§ **RECORDED DATA**
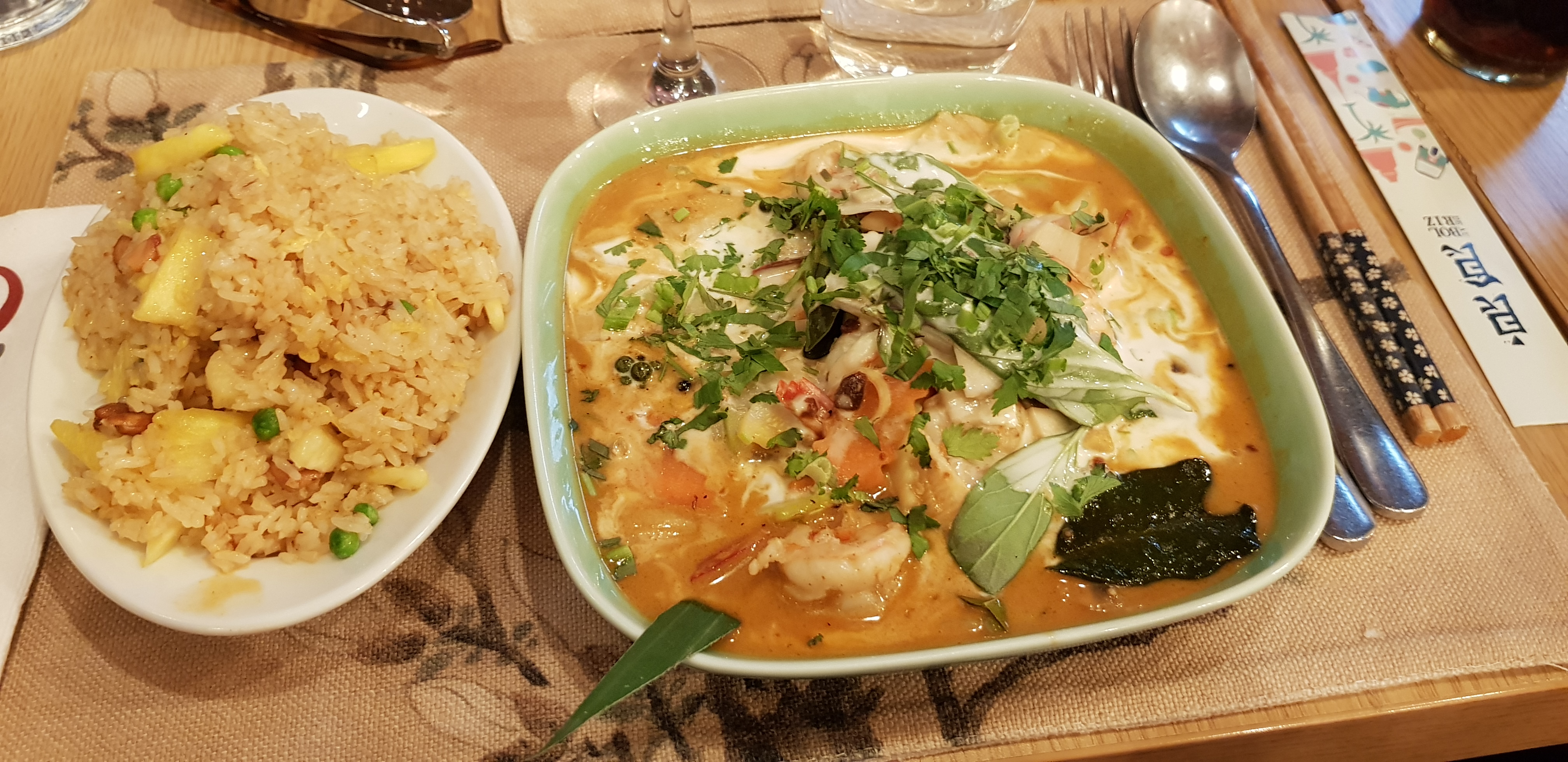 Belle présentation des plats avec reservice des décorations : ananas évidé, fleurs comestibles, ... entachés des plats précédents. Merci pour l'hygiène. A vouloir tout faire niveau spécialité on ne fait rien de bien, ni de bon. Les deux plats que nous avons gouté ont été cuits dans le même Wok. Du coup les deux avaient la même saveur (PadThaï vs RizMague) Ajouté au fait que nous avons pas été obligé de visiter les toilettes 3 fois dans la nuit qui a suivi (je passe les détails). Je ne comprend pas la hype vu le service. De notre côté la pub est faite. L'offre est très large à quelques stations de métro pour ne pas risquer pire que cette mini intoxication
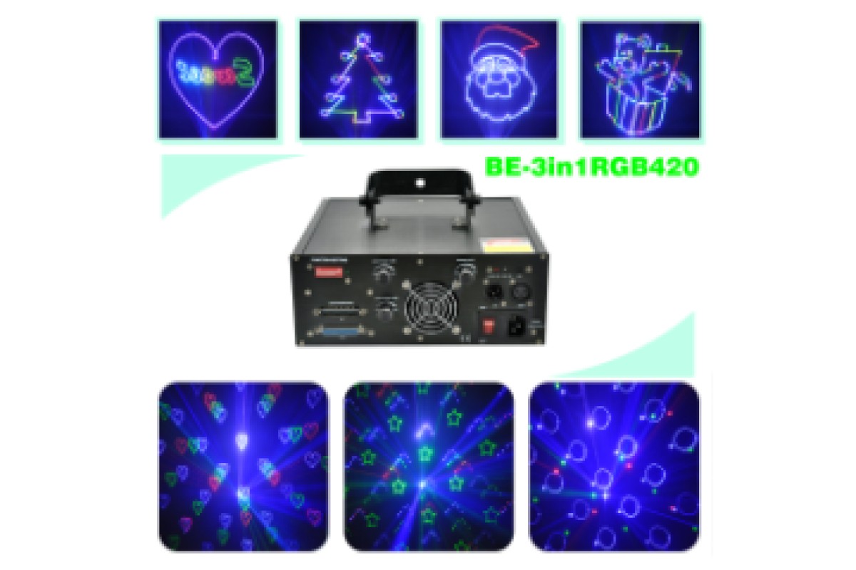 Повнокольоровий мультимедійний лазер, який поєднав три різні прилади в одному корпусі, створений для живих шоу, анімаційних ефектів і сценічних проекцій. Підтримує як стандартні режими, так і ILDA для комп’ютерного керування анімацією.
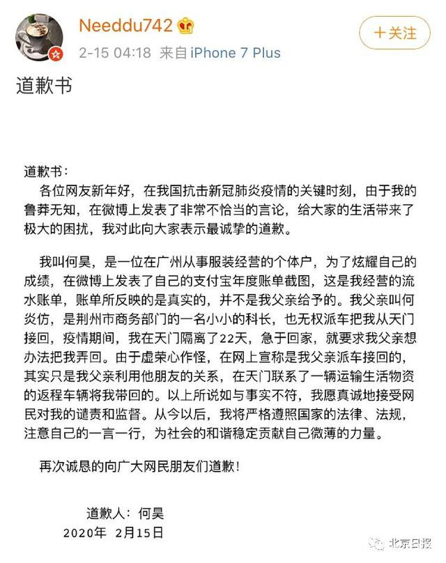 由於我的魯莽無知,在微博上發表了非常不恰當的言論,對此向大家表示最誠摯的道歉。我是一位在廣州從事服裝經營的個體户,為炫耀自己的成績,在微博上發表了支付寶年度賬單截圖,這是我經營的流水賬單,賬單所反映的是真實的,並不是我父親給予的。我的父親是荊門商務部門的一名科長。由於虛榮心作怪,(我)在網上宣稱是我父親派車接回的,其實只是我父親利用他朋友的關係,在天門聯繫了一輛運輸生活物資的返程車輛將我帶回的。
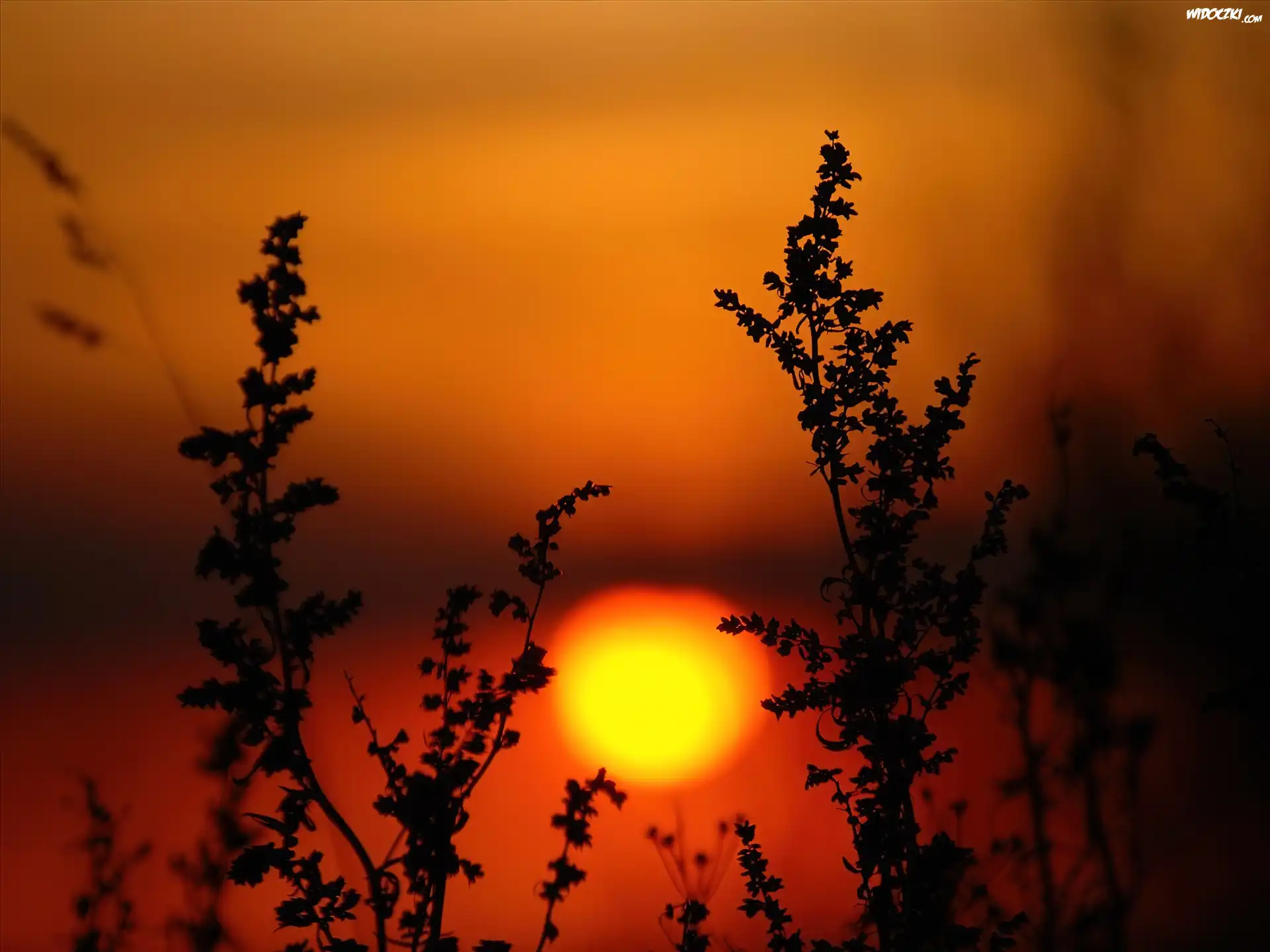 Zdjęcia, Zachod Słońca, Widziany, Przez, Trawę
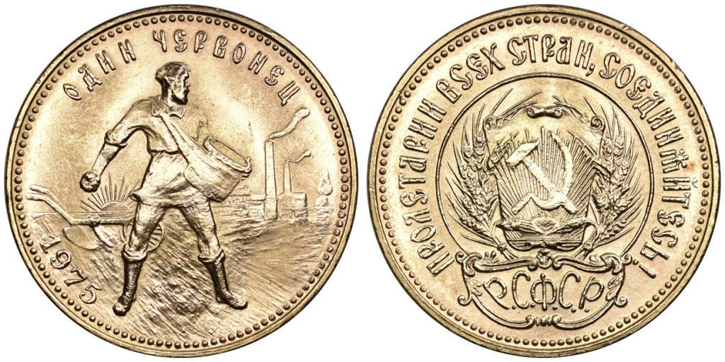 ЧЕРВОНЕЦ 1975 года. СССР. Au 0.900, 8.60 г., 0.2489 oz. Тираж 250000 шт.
==
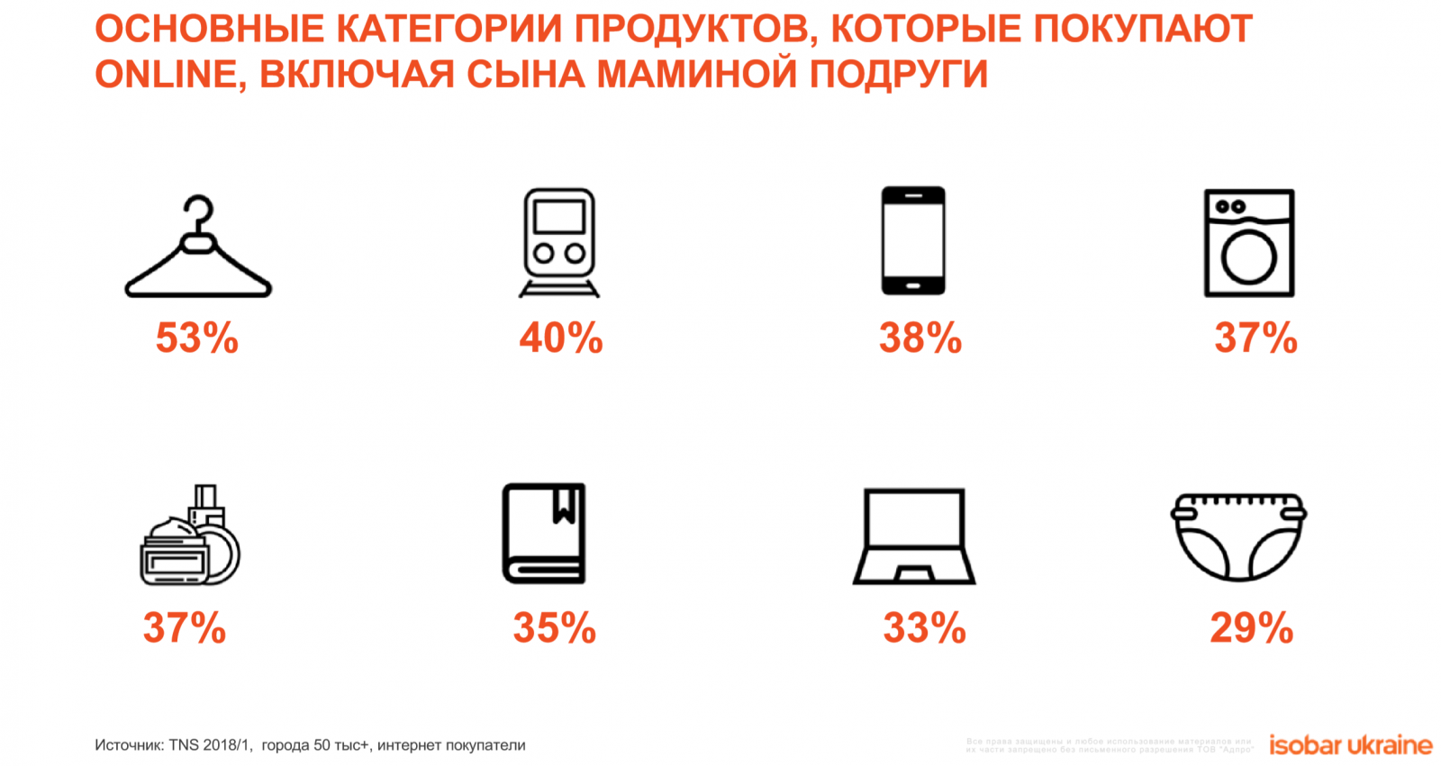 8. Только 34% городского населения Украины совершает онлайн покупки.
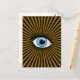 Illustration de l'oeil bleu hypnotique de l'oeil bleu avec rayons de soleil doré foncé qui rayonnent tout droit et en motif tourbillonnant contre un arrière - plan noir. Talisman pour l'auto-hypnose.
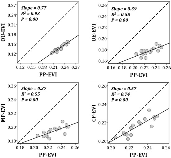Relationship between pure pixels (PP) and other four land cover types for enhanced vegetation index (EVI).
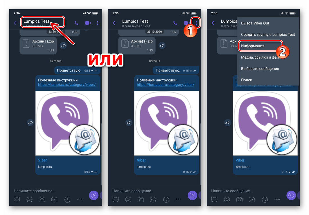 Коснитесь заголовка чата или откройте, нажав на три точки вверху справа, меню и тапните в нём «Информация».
...
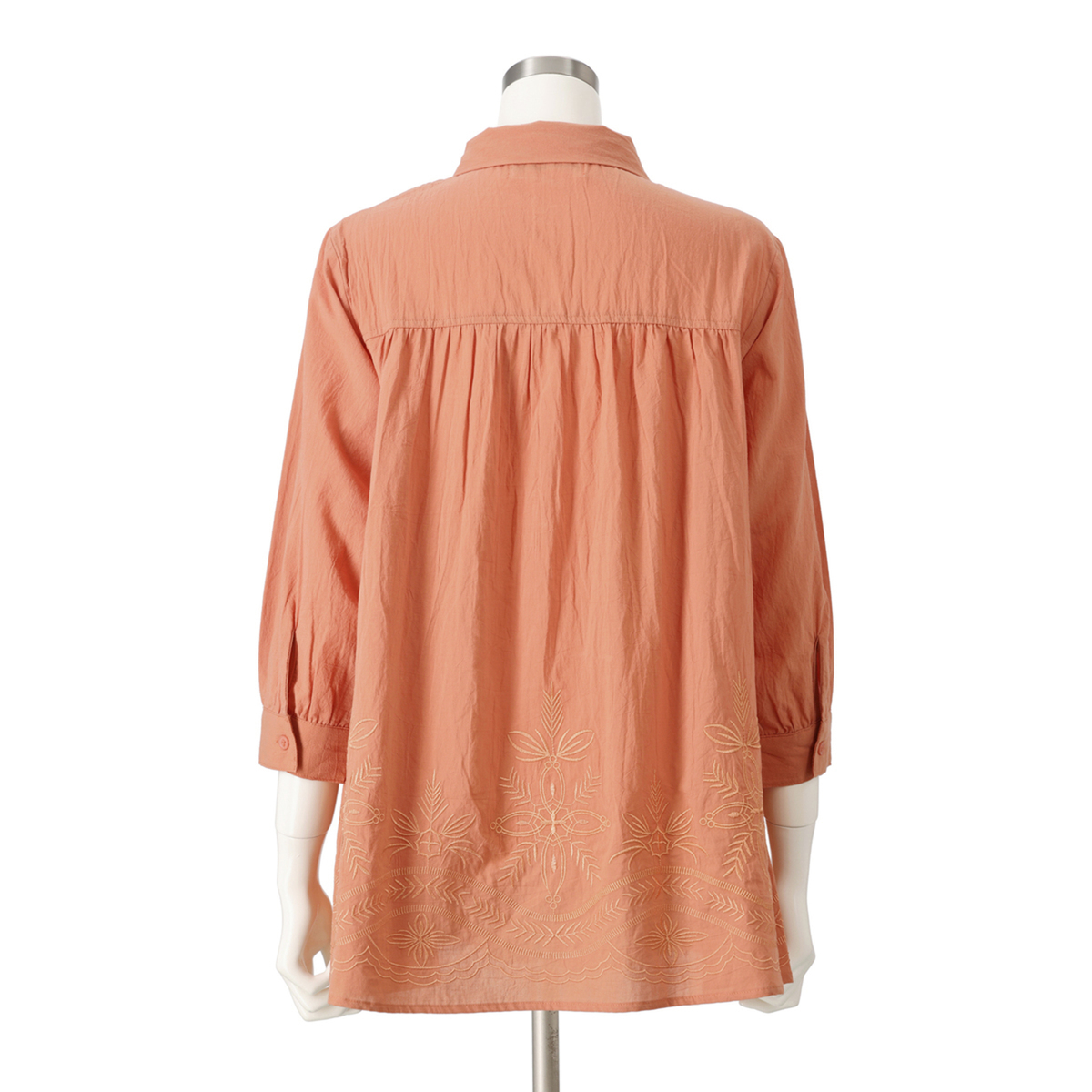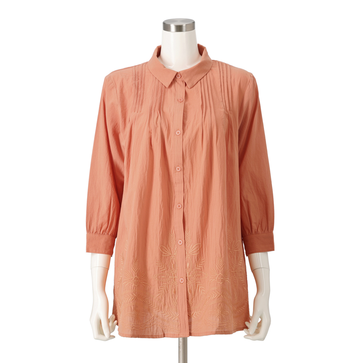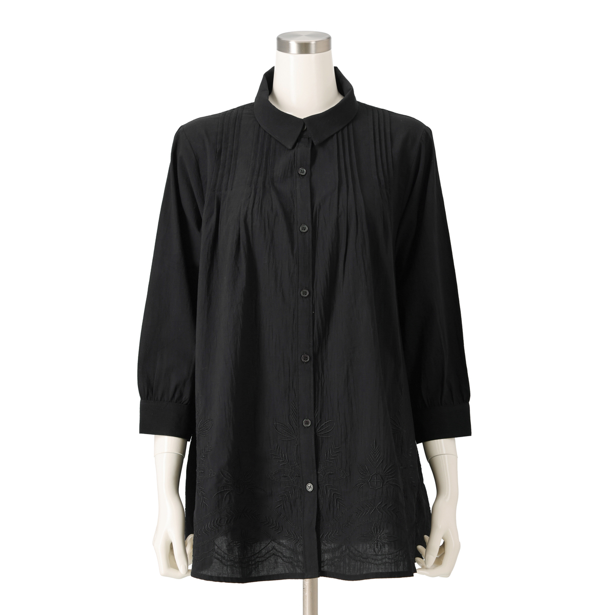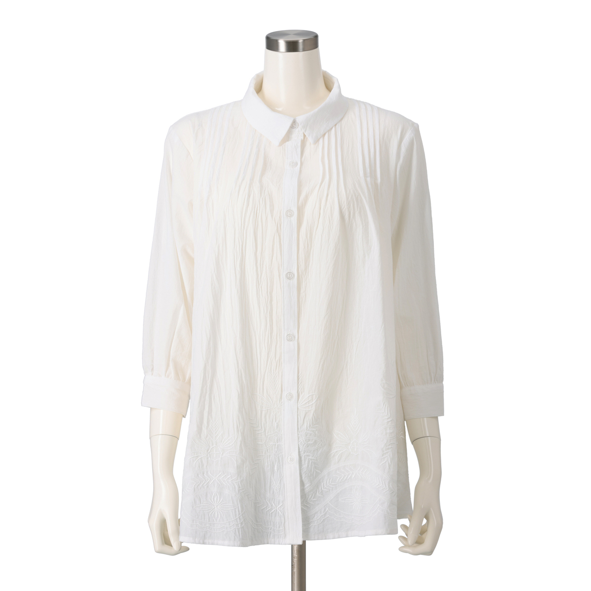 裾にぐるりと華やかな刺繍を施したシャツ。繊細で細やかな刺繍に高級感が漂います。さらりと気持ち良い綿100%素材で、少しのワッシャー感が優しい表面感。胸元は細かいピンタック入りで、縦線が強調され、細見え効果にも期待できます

§ **EXERCISE**
In the data above, start at the line holding "Belle présentation des" and stop after the line holding "ЧЕРВОНЕЦ 1975 года."; write out those lines exactly, without pictures.

§ **ANSWER SPACE**
 Belle présentation des plats avec reservice des décorations : ananas évidé, fleurs comestibles, ... entachés des plats précédents. Merci pour l'hygiène. A vouloir tout faire niveau spécialité on ne fait rien de bien, ni de bon. Les deux plats que nous avons gouté ont été cuits dans le même Wok. Du coup les deux avaient la même saveur (PadThaï vs RizMague) Ajouté au fait que nous avons pas été obligé de visiter les toilettes 3 fois dans la nuit qui a suivi (je passe les détails). Je ne comprend pas la hype vu le service. De notre côté la pub est faite. L'offre est très large à quelques stations de métro pour ne pas risquer pire que cette mini intoxication
 Повнокольоровий мультимедійний лазер, який поєднав три різні прилади в одному корпусі, створений для живих шоу, анімаційних ефектів і сценічних проекцій. Підтримує як стандартні режими, так і ILDA для комп’ютерного керування анімацією.
 由於我的魯莽無知,在微博上發表了非常不恰當的言論,對此向大家表示最誠摯的道歉。我是一位在廣州從事服裝經營的個體户,為炫耀自己的成績,在微博上發表了支付寶年度賬單截圖,這是我經營的流水賬單,賬單所反映的是真實的,並不是我父親給予的。我的父親是荊門商務部門的一名科長。由於虛榮心作怪,(我)在網上宣稱是我父親派車接回的,其實只是我父親利用他朋友的關係,在天門聯繫了一輛運輸生活物資的返程車輛將我帶回的。
 Zdjęcia, Zachod Słońca, Widziany, Przez, Trawę
 ЧЕРВОНЕЦ 1975 года. СССР. Au 0.900, 8.60 г., 0.2489 oz. Тираж 250000 шт.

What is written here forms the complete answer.